# Matching new drywall to old textured drywall



## pennshaq (May 22, 2010)

I am remodeling my spare bath and have removed the old tub and the tiled drywall around the tub. The old drywall that was removed met with the remaining drywall at a vertical corner that has a bullnose roundover bead and the remaining drywall has an orange peel texture. I did remove the corner bead in order to get the tub out of the alcove but I am planning on replacing the roundover bead.

Q1 - Can I replace the old borner bead that already has the matching texture? If so, how do I keep the joint between the textured drywall and the textured corner bead from cracking and reappearingf after repainting?

Q2 - If I have to replace the corner bead, how do I blean the orange texture so it is a smooth joint from the old textured drywall around the bead? Do I need to feather/sand the old texture and then aplly compound to blend in the joint and then add textureafter?

Q3 - What is the best way to match the texture on the ceailing and old drywall at butt joints (walls and cealing are both have an orange peel texture)? Do I sand and feather the old painted texture, apply tape, coat the seams and then match the texture?
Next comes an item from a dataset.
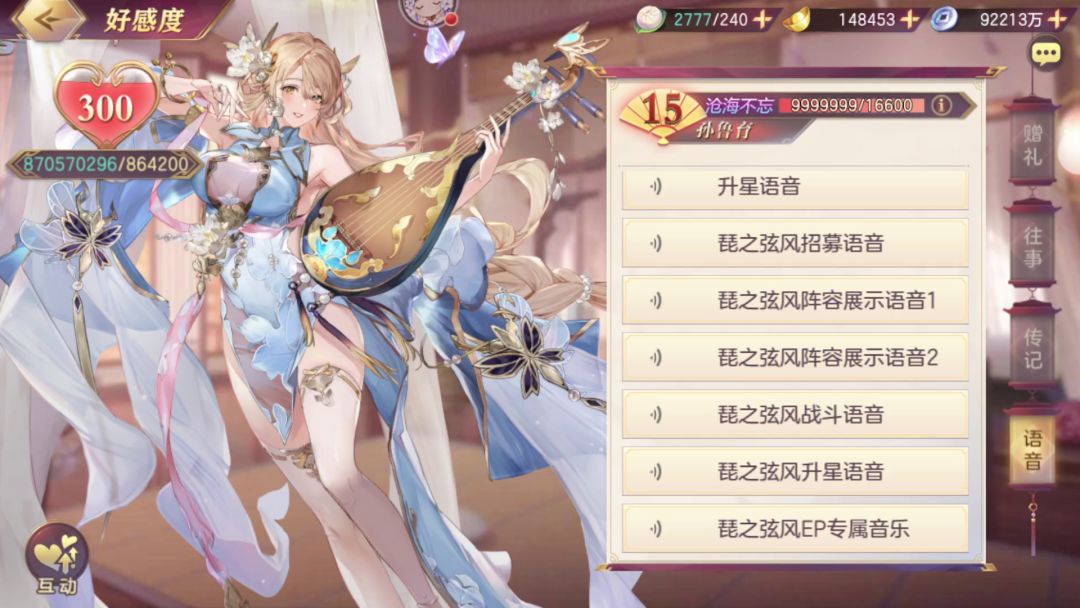 在本次二周年庆活动“契卫清河”中,孙鲁育帮助小将军过关斩将,用歌声和琵琶治愈阵容中受伤的武将,展现出音乐的力量。

Or is there a better way?

I appreciate any suggections. A couple of pics have been attached, one of the left side of the alcove and the other a closer view of the corner with the old drywall and texture.


----------



## Axecutioner-B (May 18, 2010)

pennshaq said:


> I am remodeling my spare bath and have removed the old tub and the tiled drywall around the tub. The old drywall that was removed met with the remaining drywall at a vertical corner that has a bullnose roundover bead and the remaining drywall has an orange peel texture. I did remove the corner bead in order to get the tub out of the alcove but I am planning on replacing the roundover bead.
> 
> Q1 - Can I replace the old borner bead that already has the matching texture? If so, how do I keep the joint between the textured drywall and the textured corner bead from cracking and reappearingf after repainting?
> 
> ...


Q-1 Yes, if im reading it right. If you put in new corner bead make sure it is screwed into place well & then put mesh tape (or im sure the paper tape purists will say to use paper tape) on the bead & use hot mud to mud over the transition. Hot mud is less likely to shrink & therefor less likely to crack at the transition between the old & the new. Always use paper tape for inside corners.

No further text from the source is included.